Use SVD to do something, and then some clustering.  Not sure exactly what the underlying logic might be...

In [7]:
class k_mean_clustering_mixin:
    def k_means_clustering(self, factor_matrix, file_names=[], clusters=2):
        clusters = 2
        svd = TruncatedSVD(n_components=2, n_iter=20, random_state=42)
        reduced = svd.fit_transform(factor_matrix)
        kmeans = KMeans(n_clusters=clusters, random_state=0).fit(factor_matrix)
        labels_predicted = kmeans.labels_
        data = [plotly.graph_objs.Scatter(x=[entry[0] for entry in reduced],
                                          y=[entry[1] for entry in reduced],
                                          mode='markers',
                                          marker=dict(color=kmeans.labels_),
                                          text=file_names
                                          )
                ]
        fig = go.Figure(data=data)
        plotly.offline.plot(fig, filename='kmeans_cluster.html')

In [8]:
class TensorVisualization(generate_heat_map_mixin, k_mean_clustering_mixin):
    def __init__(self):
        from plotly import __version__
        print( "Using Plotly version "+__version__) # requires version >= 1.9.0
        plotly.tools.set_credentials_file(username='cknicholas', 
                                  api_key='pa9Z110GEeh029O4jTV0')

In [9]:
class generate_cosine_similarity_mixin:
    def generate_cosine_similarity_matrix(self, matrix):
        f = open('cosine.txt', 'w');
        if flag == 1:
            print("Generating a cosine similarity matrix")
        cosine_sim = []
        for entry in matrix:
            sim = []
            for other_entry in matrix:
                sim.append(spatial.distance.cosine(entry, other_entry) * -1 + 1)
                f.write(str(spatial.distance.cosine(entry, other_entry) * -1 + 1))
                f.write("\n")
            cosine_sim.append(sim)
        return cosine_sim

This logic for estimating the rank of the tensor is interesting.  But I'm not sure if it's being used.  

In [10]:
class get_estimated_rank_mixin:
    def get_estimated_rank(self):
        """
        Getting the rank of a tensor is an NP hard problem
        Therefore we use an estimation based on the size of the dimensions of our tensor.
        These numbers are taken from Table 3.3 of Tammy Kolda's paper:
        http://www.sandia.gov/~tgkolda/pubs/pubfiles/TensorReview.pdf
        :return:
        """
        # At the moment the rank returned by this function is normally too high for either
        # my machine or the tensorly library to handle, therefore I have made it just 
        # return 1 for right now
        if flag == 1:
            print("Estimating the rank of the tensor...")
        I = len(self.tensor[0])
        J = len(self.tensor[0][0])
        K = len(self.tensor)

        if I == 1 or J == 1 or K == 1:
            return 1
        elif I == J == K == 2:
            return 2
        elif I == J == 3 and K == 2:
            return 3
        elif I == 5 and J == K == 3:
            return 5
        elif I >= 2 * J and K == 2:
            return 2 * J
        elif 2 * J > I > J and K == 2:
            return I
        elif I == J and K == 2:
            return I
        elif I >= J * K:
            return J * K
        elif J * K - J < I < J * K:
            return I
        elif I == J * K - I:
            return I
        else:
            print(I, J, K, "did not have an exact estimation")
            return min(I * J, I * K, J * K)


In [11]:
class create_term_document_tensor_mixin:
    def create_term_document_tensor(self, **kwargs):
        """
        Generic tensor creation function.

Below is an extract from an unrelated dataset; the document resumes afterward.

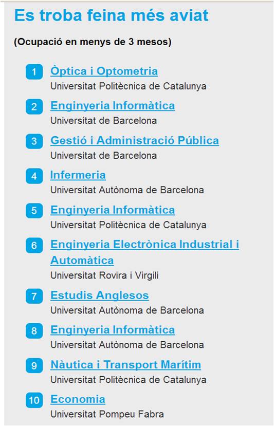 Segons el portal educatiu UNPORTAL, el Grau en Òptica i Optometria de la Universitat Politècnica de Catalunya es situa en la primera posició dels Graus on els estudiants troben feina més aviat, amb una taxa d’ocupació del 96.4%.
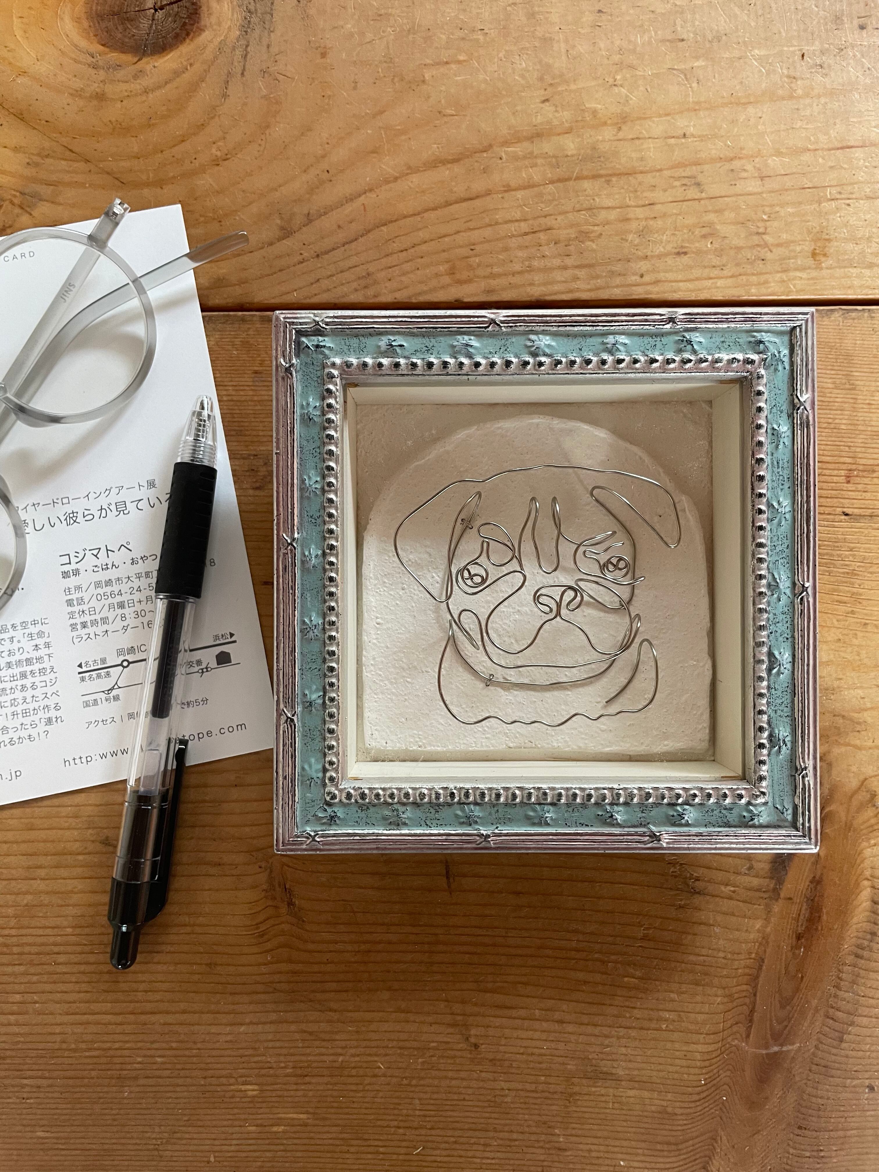 1本の針金を一筆書きの要領で描くワイヤードローイング作品で、「線」である二次元の作品が多次元に展開していくワイヤーアートです。

Returns different tensor based on user input.
        :param kwargs:
        :return:
        """
        if flag == 1:
            print("Creating a Term Document Tensor")
        if self.type == "binary":
            return self.create_binary_term_document_tensor(**kwargs)
        else:
            return self.create_term_document_tensor_text(**kwargs)


In [12]:
class create_binary_term_document_tensor_mixin:
    def create_binary_term_document_tensor(self, **kwargs):
        start_time1 = time.time()
        if flag == 1:
            print("Binary Term Document Tensor")
        doc_content = []
        first_occurences_corpus = {}
        ngrams = kwargs["ngrams"] if kwargs["ngrams"] is not None else 1
        print("ngrams is %s" % (ngrams))

        for file_name in os.listdir(self.directory):
            previous_bytes = deque()
            first_occurences = {}
            byte_count = 0
            with open(self.directory + "/" + file_name, "rb") as file:
                #print("Reading %s\n" % self.directory + "/" + file_name)
                my_string = ""
                while True:
                    byte_count += 1
                    current_byte = file.read(1).hex()
                    if not current_byte:
                        break
                    if byte_count >= ngrams:
                        byte_gram = "".join(list(previous_bytes)) + current_byte
                        if byte_gram not in first_occurences:
                            first_occurences[byte_gram] = byte_count
                        if byte_count % ngrams == 0:
                            my_string += byte_gram + " "
                        if ngrams > 1:
                            previous_bytes.popleft()
                    if ngrams > 1:
                        previous_bytes.append(current_byte)
                first_occurences_corpus[file_name] = first_occurences
            doc_content.append(my_string)
        doc_names = os.listdir(self.directory)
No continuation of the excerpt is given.